▸ Exercise details
Below are some records. Write out exactly their lines from the one with "MRO tea melting" through the one with "- 系统会自动唤起浏览器,带你无缝切入 Spark-TTS 的精彩世界,开启语音创作。", and leave the pictures behind.
Records for processing START
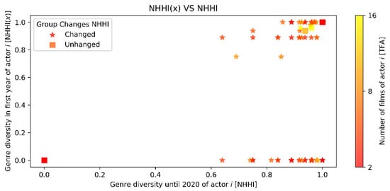 Figure 8 shows their NHHI(), which is computed based on their film(s) in year , plotted against their NHHI, which is computed based on the cumulative movies of an actor in year until 2020. Since TFA directly affects NHHI, we include it as the color of the scatter points. The brighter points are the actors with a high number of films. Note that the actors with a higher NHHI have higher genre diversity. This comparison shows two groups of actors: those that do not change their genre diversity (square), and the other group is those that have changed their genre diversity (star).
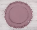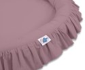 Oryginalne gniazdko z falbanką. Funkcjonalne i praktyczne. Doskonale sprawdzi się jako mini basenik, mata do zabawy lub "podłoga" baldachimu. Szerokie, okrągłe i mięciutkie ścianki zapewnią bezpieczną i udaną zabawę dla każdego malucha. Gniazdko może być używane już od pierwszych dni życia jako wygodny i bezpieczny kokon niemowlęcy a później jako przytulne miejsce do zabawy. Pokrowiec wykonany jest z tkaniny 100% bawełnianej, posiadającej atest Okotex. Boki gniazdka wypełnione są atestowanym włóknem Eco Fillball – mięciutkim włóknem uformowanym w malutkie kuleczki. Dzięki specjalnej technologii produkcji kuleczki te są puszyste i sprężyste, a przy tym w dotyku są miękkie i delikatne jak puch, zapewniają odpowiednią cyrkulację powietrza. Dno gniazdka, to specjalna wkładka wykonana z nowoczesnego antyalergicznego atestowanego surowca. Gniazdko łatwo utrzymać w czystości, pokrowiec jest rozbieralny - można prać w pralce w 30 stopniach.
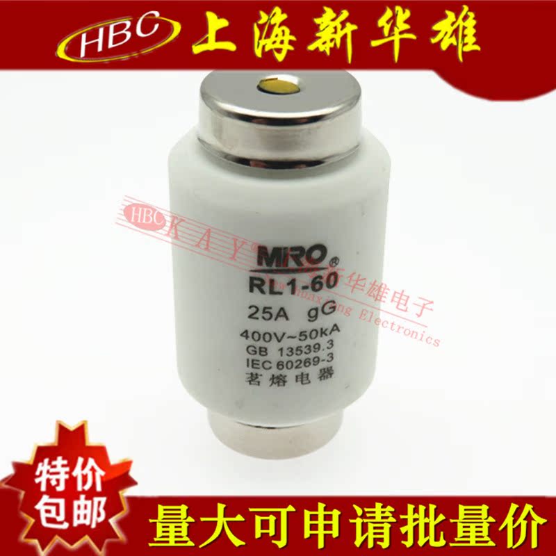 MRO tea melting fuse tube RL1-60 35A 40A 50A 60A 400V spiral fuse melting core
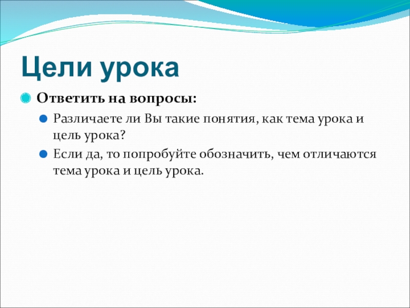 Если да, то попробуйте обозначить, чем отличаются тема урока и цель урока.
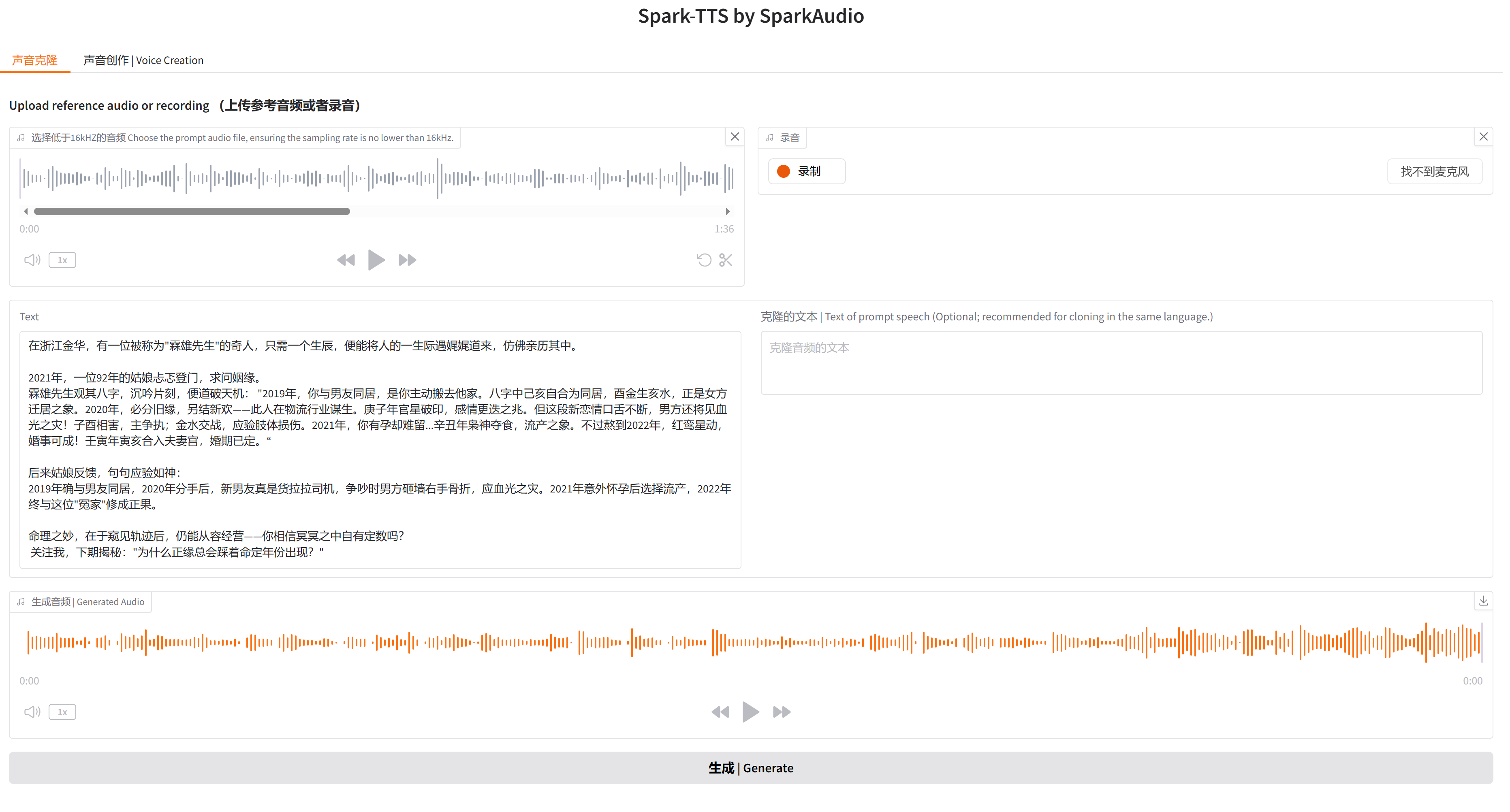 - 系统会自动唤起浏览器,带你无缝切入 Spark-TTS 的精彩世界,开启语音创作。
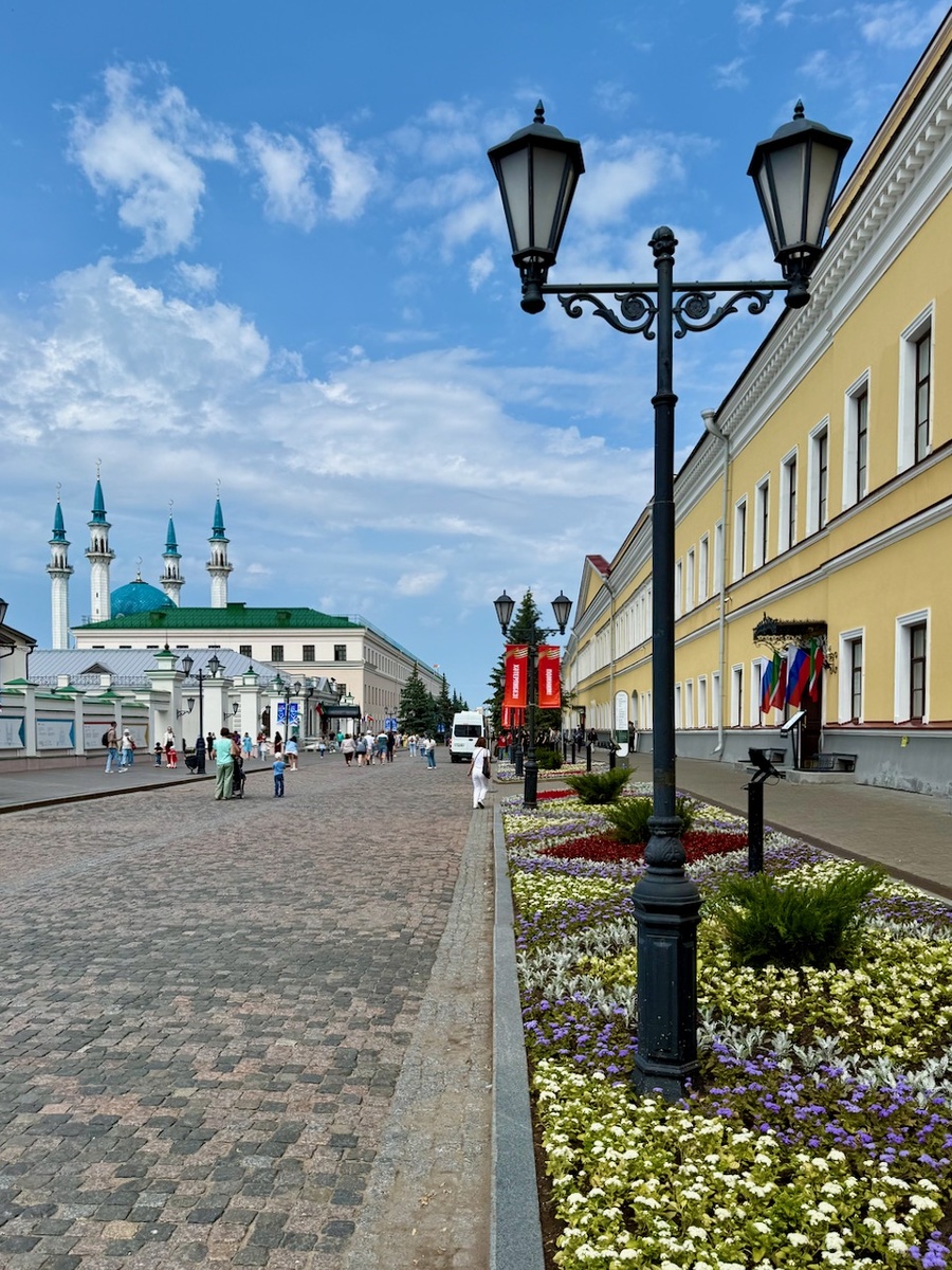 Начну издалека - как все-таки солнечная летняя погода украшает города нашей средней полосы! Казань не стала исключением - гулять в Кремле в июне было намного приятнее, чем в марте. И уж точно фотогеничнее. Нынешний Кремль в Казани был построен уже после прихода Ивана Грозного. Именно он приказал отстроить его заново, но уже не из дерева, а из белого кирпича. Поэтому первое, что встречает туриста - это белокаменные стены и башни. Изначально их было 13, сейчас осталось только 8. Понятное дело, изначально внутри Кремля были построены только православные церкви и монастыри. Изящная мечеть Кул-Шариф появилось гораздо позже, в 2005 году, на месте разрушенной в 1552 при штурме Казани. В мечеть можно зайти, внутри нее расположен музей. Православная церковь времен Ивана Грозного представлена Благовещенским собором. Его сине-золотые купола напоминают небо и солнце. А сам он выглядит монументально, но при этом нарядно что ли, если можно так выразиться. Очень привлекательное строение для туристов
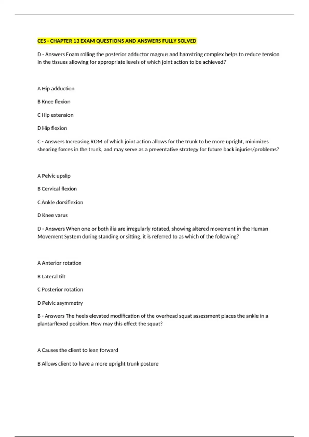 C - Answers Increasing ROM of which joint action allows for the trunk to be more upright, minimizes
Records for processing END
▸ Expected answer
 MRO tea melting fuse tube RL1-60 35A 40A 50A 60A 400V spiral fuse melting core
 Если да, то попробуйте обозначить, чем отличаются тема урока и цель урока.
 - 系统会自动唤起浏览器,带你无缝切入 Spark-TTS 的精彩世界,开启语音创作。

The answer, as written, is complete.